Leaving out every picture, copy the lines of the material below exactly, from the line containing "D.W. GRIFFITH" through the line containing "from wastes caused".

_Dataset extract_
-------

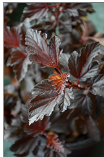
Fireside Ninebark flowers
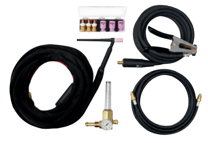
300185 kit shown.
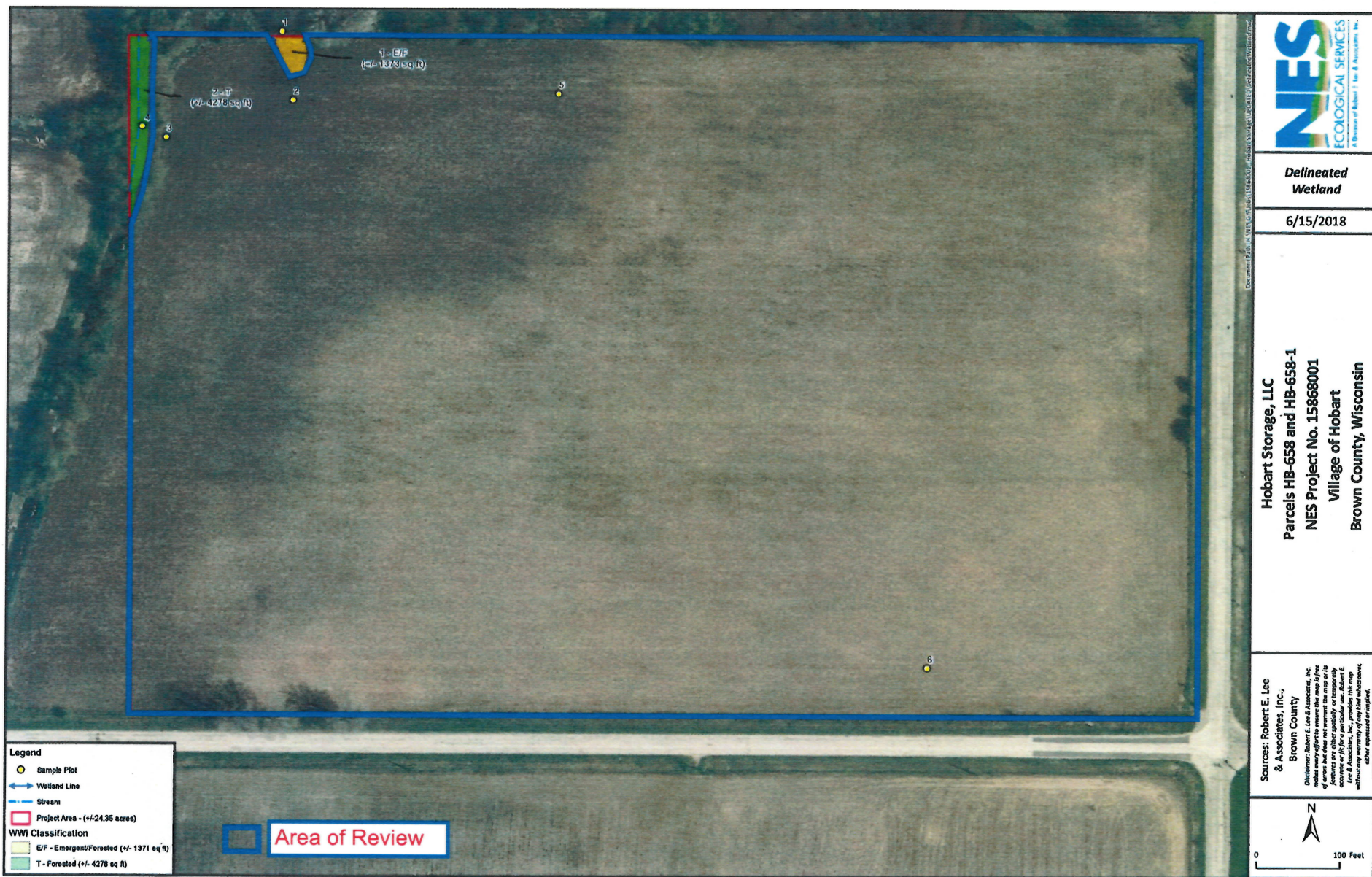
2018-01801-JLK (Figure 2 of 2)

-------

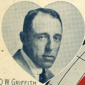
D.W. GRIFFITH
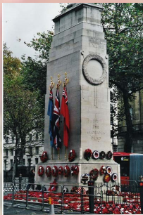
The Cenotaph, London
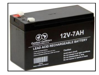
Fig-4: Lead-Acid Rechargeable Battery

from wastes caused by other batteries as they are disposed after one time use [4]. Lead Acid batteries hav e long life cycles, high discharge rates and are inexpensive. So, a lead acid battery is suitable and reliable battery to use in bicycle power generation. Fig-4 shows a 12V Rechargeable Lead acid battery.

-------

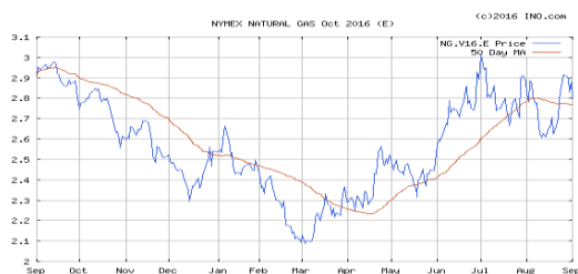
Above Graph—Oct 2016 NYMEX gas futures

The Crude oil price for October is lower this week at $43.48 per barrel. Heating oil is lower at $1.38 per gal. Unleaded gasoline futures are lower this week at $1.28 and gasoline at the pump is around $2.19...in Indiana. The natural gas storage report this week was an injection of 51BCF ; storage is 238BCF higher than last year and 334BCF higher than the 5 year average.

-------

_Solution_
D.W. GRIFFITH
The Cenotaph, London
Fig-4: Lead-Acid Rechargeable Battery

from wastes caused by other batteries as they are disposed after one time use [4]. Lead Acid batteries hav e long life cycles, high discharge rates and are inexpensive. So, a lead acid battery is suitable and reliable battery to use in bicycle power generation. Fig-4 shows a 12V Rechargeable Lead acid battery.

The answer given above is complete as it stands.